As AI has become more sophisticated and machines continue to learn consumer habits, we’ll continue to see AI used in all sorts of different ways.

For example, AI has made significant inroads in the digital advice space, says Jason Mars, an associate professor of computer science at the University of Michigan. He’s developed a voice-activated AI personal financial assistant to help people manage their saving and spending. With its data-analyzing prowess, AI can view a person’s entire financial picture – where they spend their money, how much they have in savings, their risk tolerance and investing style – and make recommendations on how they can save more, spend less or maximize their investments.

This would do wonders for do-it-yourself investors who may not need the hands-on approach provided by a real-life advisor. For instance, Mars says that software will be able to connect to your brokerage account and then see what stocks you’re looking at and trading. It might then send you an article about that company that it knows you haven’t yet read. “Then it asks you, ‘Do you still want to make this trade?’” he says.

If you are looking to incorporate AI into your investing today, start by doing a search for programs or software that utilize this technology. Some may use it to give people ideas on what kinds of stocks to buy or how to lower their portfolio’s risk, while others use it to give investors better data and information about a particular stock or investment style.

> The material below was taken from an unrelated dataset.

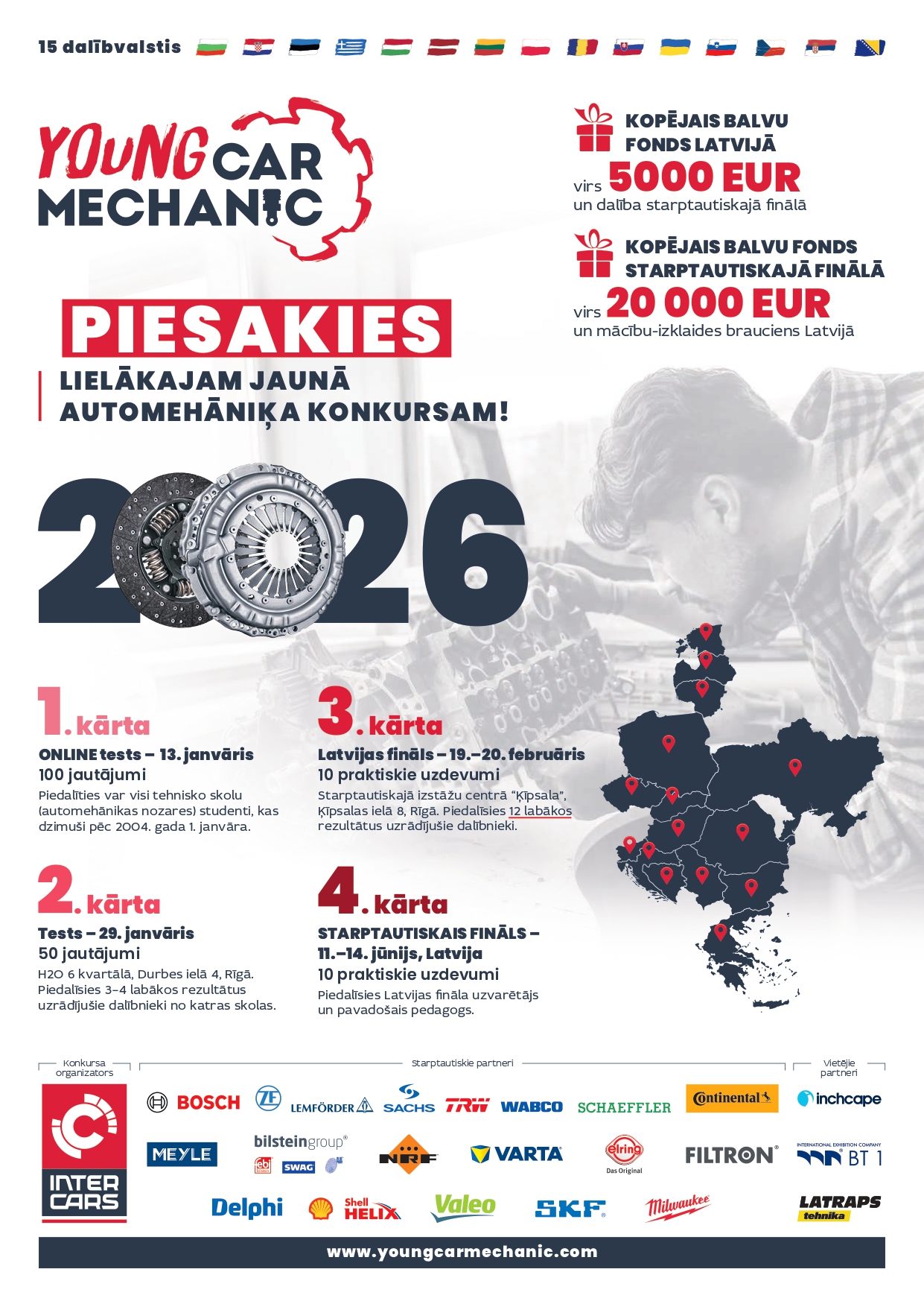 Mūsu audzēkņi – Ruslans Ševčuks, Ralfs Kucenčeirs un Krišjānis Otomers – ir izvirzīti uz nacionālo trešo kārtu profesionālās izglītības iestāžu audzēkņiem profesionālās meistarības konkursā „Young Car Mechanic 2026”.

It’s a good idea to read the fine print. AI still needs to be carefully researched by consumers and many companies have different ideas on what artificial intelligence in finance really means. If the program is analyzing data that humans can’t process, if it’s making recommendations based on your personal information, if a chatbot is able to answer your questions without you having to call a company’s help line, then it’s likely using AI.

Ultimately, the technology will become so sophisticated that it will make saving and investing using AI much easier to do. What it won’t do, though, is force people to save and invest. Canadians will still need to be prudent with their finances and set aside money to put into their investment accounts.

 

Frequently Asked Questions about AI for Investing

  • Yes, AI can be used to help pick stocks. Considering the tremendous amount of data available and the overwhelming number of stocks out there, AI can help sort through the information and identify the stocks worth buying or selling.

  • For the most part, investing with AI is safe. In fact, AI can prove a good safety net, ensuring your decisions are based on current and correct market conditions. Still, AI comes with its risks. If provided with inaccurate data or flawed algorithms, for example, AI tools can make mistakes. Which is why it’s always best to use AI in conjunction with human expertise, not to replace it.

  • So long as AI is provided with accurate data and meets other criteria, AI can be extremely accurate. Of course, it’s not perfect and, in the face of unpredictabilities, AI can be less precise.

  • While some believe AI can predict the stock market (and even outperform traditional methods), the jury is still out on that million-dollar question. Since stock trading is so volatile and AI is incapable of adjusting to unexpected events, investors are cautioned to use their due diligence when it comes to researching the stock market.